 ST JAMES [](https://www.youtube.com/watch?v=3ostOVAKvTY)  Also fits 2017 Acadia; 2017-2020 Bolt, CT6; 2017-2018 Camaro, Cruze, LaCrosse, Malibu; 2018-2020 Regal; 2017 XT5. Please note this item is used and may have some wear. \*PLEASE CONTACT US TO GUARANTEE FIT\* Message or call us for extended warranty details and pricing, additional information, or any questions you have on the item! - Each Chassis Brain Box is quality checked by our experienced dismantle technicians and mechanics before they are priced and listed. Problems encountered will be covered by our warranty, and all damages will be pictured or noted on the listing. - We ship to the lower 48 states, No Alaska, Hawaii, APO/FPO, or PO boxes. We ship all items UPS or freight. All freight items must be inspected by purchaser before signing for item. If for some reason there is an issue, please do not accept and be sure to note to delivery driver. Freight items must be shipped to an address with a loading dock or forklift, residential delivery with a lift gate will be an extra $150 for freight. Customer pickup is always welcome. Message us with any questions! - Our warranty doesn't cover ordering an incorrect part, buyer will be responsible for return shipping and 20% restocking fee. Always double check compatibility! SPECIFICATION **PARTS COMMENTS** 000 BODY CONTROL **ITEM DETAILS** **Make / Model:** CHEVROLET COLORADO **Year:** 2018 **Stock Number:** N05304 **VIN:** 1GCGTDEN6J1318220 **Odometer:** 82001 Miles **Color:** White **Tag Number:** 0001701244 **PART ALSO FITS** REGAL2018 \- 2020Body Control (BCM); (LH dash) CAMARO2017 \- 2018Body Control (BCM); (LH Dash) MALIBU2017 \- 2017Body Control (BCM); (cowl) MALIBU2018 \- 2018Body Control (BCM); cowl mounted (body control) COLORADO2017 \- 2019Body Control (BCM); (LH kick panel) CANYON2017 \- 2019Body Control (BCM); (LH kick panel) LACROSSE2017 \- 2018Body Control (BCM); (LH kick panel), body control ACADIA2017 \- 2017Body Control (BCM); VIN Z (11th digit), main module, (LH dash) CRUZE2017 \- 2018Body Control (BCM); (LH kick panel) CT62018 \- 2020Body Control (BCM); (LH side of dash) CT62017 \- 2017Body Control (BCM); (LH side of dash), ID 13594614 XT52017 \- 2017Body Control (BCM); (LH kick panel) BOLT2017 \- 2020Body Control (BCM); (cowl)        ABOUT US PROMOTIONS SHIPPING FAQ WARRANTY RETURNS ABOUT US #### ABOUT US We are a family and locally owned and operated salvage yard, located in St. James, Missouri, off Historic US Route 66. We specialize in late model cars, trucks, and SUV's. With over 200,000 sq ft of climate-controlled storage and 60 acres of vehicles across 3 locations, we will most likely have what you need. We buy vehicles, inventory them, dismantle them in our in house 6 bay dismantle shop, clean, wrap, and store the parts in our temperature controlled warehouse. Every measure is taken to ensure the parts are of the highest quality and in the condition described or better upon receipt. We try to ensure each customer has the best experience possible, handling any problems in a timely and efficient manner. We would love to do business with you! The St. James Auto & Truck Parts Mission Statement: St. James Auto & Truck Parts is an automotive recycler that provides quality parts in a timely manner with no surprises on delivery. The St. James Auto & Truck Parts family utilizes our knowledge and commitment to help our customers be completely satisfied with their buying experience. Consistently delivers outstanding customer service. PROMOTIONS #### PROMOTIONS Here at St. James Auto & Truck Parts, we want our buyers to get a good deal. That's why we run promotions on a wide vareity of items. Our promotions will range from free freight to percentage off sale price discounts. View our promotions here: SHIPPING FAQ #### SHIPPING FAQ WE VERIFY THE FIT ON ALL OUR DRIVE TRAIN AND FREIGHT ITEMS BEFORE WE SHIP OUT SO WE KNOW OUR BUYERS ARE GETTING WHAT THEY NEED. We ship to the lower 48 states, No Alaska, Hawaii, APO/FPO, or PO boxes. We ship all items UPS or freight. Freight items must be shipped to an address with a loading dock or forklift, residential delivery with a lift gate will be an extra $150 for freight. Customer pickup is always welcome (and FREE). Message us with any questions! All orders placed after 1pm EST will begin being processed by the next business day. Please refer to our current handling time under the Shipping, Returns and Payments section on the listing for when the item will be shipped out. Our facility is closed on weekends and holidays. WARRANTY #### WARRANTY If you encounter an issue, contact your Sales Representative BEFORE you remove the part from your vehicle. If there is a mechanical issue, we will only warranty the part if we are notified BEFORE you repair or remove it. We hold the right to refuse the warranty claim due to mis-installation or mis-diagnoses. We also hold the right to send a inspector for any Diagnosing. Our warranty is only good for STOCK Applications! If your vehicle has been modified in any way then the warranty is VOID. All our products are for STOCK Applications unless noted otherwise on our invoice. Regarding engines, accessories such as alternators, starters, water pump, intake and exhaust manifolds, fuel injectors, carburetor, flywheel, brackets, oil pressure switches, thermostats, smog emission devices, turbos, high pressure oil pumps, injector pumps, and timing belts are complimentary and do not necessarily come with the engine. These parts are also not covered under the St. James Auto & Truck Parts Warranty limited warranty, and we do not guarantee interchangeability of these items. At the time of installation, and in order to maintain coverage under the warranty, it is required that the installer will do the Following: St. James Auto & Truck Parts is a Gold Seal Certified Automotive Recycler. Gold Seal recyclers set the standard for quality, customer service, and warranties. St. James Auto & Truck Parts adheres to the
...
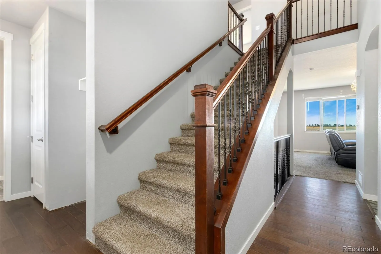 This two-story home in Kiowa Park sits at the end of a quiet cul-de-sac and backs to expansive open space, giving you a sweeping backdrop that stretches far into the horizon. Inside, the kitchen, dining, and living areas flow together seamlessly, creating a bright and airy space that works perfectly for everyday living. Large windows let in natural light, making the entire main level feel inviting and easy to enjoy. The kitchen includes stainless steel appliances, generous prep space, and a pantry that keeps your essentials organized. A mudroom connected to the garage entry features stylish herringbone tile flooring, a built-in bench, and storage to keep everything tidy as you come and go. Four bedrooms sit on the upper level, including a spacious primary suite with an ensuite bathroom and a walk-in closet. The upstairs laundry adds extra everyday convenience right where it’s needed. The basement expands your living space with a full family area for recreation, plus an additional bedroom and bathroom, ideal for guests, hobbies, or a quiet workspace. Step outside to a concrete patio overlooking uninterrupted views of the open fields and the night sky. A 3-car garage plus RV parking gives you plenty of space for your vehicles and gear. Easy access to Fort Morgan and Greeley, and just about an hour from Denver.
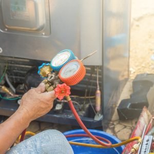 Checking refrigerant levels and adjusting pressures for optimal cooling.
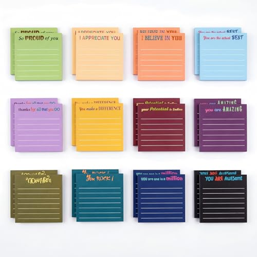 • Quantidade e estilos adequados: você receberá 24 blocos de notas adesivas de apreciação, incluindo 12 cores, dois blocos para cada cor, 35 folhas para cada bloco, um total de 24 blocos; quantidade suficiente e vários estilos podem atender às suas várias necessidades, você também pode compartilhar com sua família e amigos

### What you are asked to do
Extract the part of the records that opens with the line containing "This two-story home" and closes with the line containing "Checking refrigerant levels". Take only those lines, exactly, and no pictures.

### Written solution
 This two-story home in Kiowa Park sits at the end of a quiet cul-de-sac and backs to expansive open space, giving you a sweeping backdrop that stretches far into the horizon. Inside, the kitchen, dining, and living areas flow together seamlessly, creating a bright and airy space that works perfectly for everyday living. Large windows let in natural light, making the entire main level feel inviting and easy to enjoy. The kitchen includes stainless steel appliances, generous prep space, and a pantry that keeps your essentials organized. A mudroom connected to the garage entry features stylish herringbone tile flooring, a built-in bench, and storage to keep everything tidy as you come and go. Four bedrooms sit on the upper level, including a spacious primary suite with an ensuite bathroom and a walk-in closet. The upstairs laundry adds extra everyday convenience right where it’s needed. The basement expands your living space with a full family area for recreation, plus an additional bedroom and bathroom, ideal for guests, hobbies, or a quiet workspace. Step outside to a concrete patio overlooking uninterrupted views of the open fields and the night sky. A 3-car garage plus RV parking gives you plenty of space for your vehicles and gear. Easy access to Fort Morgan and Greeley, and just about an hour from Denver.
 Checking refrigerant levels and adjusting pressures for optimal cooling.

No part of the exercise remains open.